*** Data provided Section Begins ***
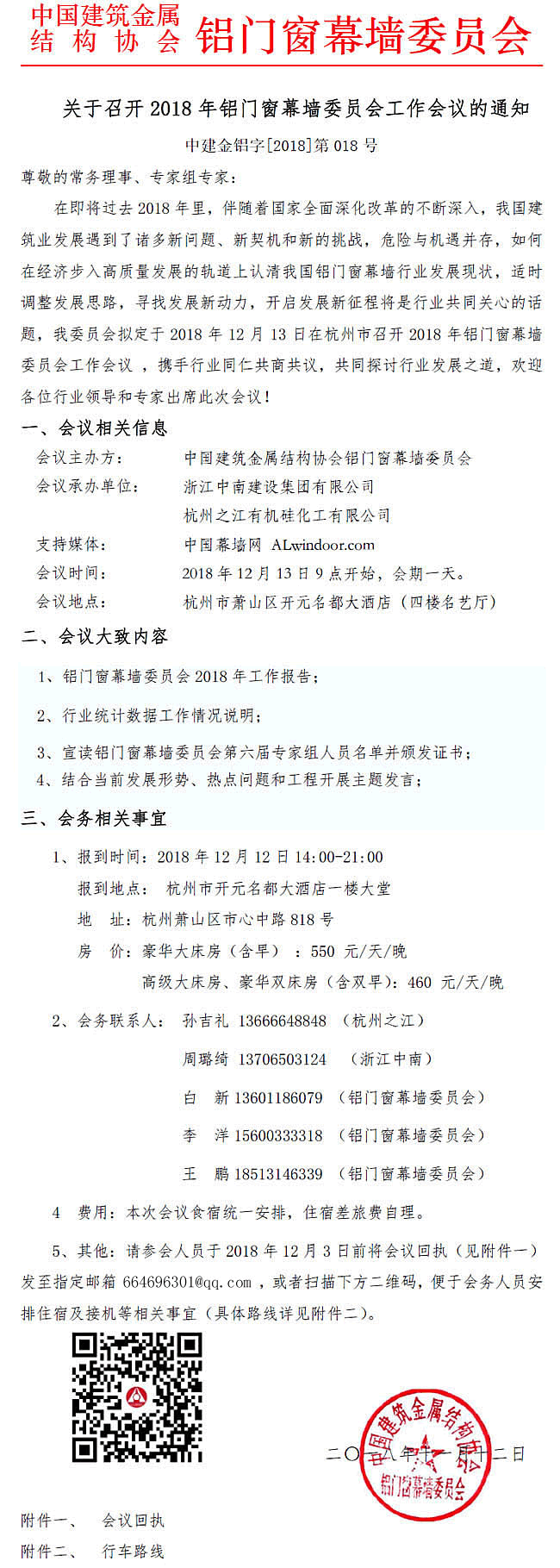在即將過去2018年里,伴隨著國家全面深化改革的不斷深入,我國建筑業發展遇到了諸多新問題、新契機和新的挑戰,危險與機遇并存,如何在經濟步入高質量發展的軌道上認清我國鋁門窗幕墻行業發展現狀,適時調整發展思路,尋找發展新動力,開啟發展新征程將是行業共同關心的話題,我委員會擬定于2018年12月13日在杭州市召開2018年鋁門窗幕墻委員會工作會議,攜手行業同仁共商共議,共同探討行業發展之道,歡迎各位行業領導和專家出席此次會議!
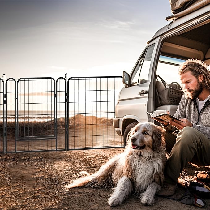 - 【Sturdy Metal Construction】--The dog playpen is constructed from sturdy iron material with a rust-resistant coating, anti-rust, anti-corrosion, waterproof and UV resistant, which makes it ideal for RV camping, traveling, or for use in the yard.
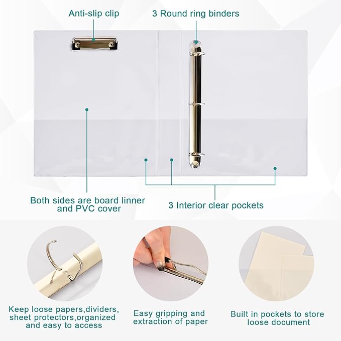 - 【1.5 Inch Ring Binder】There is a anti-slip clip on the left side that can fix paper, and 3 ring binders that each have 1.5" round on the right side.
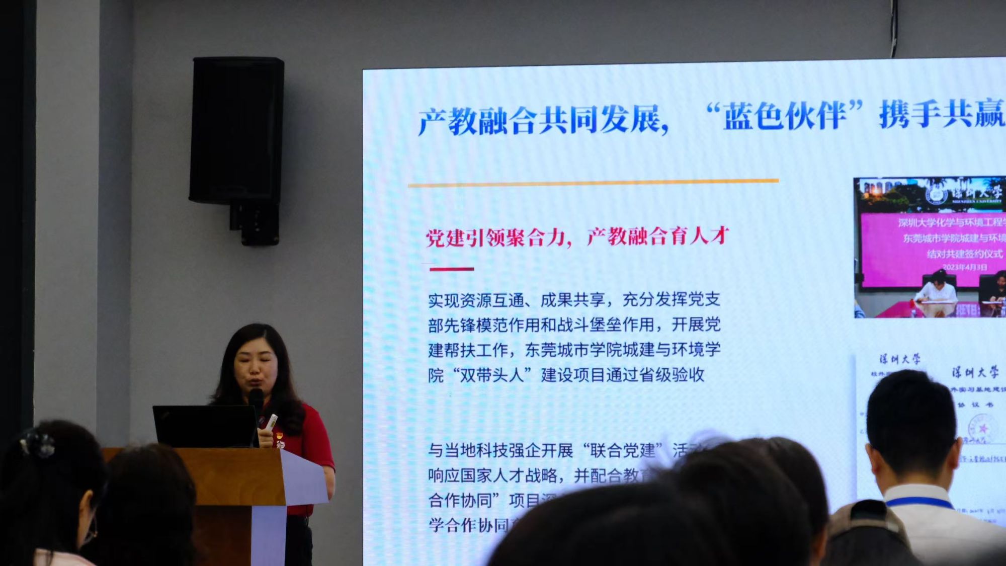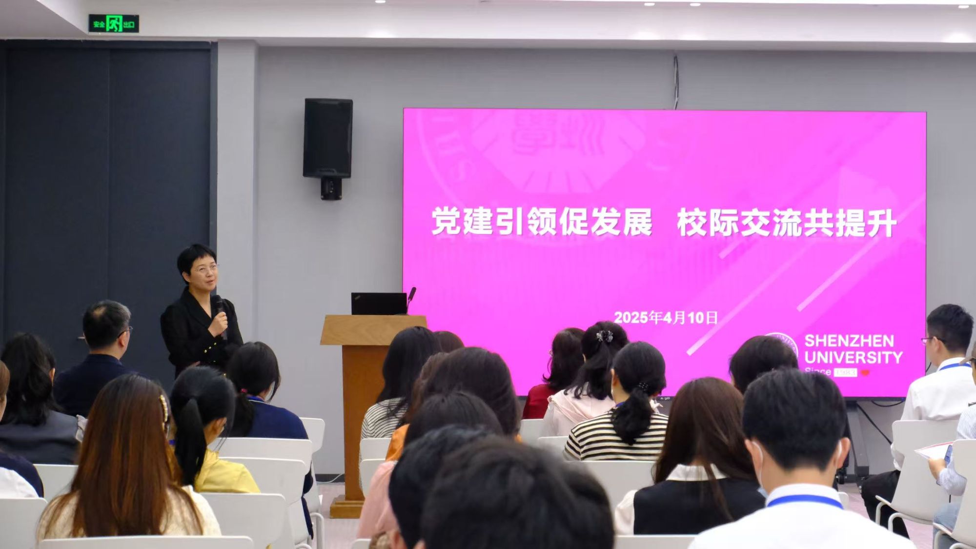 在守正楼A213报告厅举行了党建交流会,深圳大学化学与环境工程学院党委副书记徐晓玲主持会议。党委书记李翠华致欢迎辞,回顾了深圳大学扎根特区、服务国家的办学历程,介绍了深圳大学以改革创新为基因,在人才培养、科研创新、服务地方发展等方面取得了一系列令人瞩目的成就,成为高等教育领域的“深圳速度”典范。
*** Data provided Section Ends ***
Leaving the pictures out, set down all of the data again exactly.

**Solution to this problem:**
在即將過去2018年里,伴隨著國家全面深化改革的不斷深入,我國建筑業發展遇到了諸多新問題、新契機和新的挑戰,危險與機遇并存,如何在經濟步入高質量發展的軌道上認清我國鋁門窗幕墻行業發展現狀,適時調整發展思路,尋找發展新動力,開啟發展新征程將是行業共同關心的話題,我委員會擬定于2018年12月13日在杭州市召開2018年鋁門窗幕墻委員會工作會議,攜手行業同仁共商共議,共同探討行業發展之道,歡迎各位行業領導和專家出席此次會議!
 - 【Sturdy Metal Construction】--The dog playpen is constructed from sturdy iron material with a rust-resistant coating, anti-rust, anti-corrosion, waterproof and UV resistant, which makes it ideal for RV camping, traveling, or for use in the yard.
 - 【1.5 Inch Ring Binder】There is a anti-slip clip on the left side that can fix paper, and 3 ring binders that each have 1.5" round on the right side.
 在守正楼A213报告厅举行了党建交流会,深圳大学化学与环境工程学院党委副书记徐晓玲主持会议。党委书记李翠华致欢迎辞,回顾了深圳大学扎根特区、服务国家的办学历程,介绍了深圳大学以改革创新为基因,在人才培养、科研创新、服务地方发展等方面取得了一系列令人瞩目的成就,成为高等教育领域的“深圳速度”典范。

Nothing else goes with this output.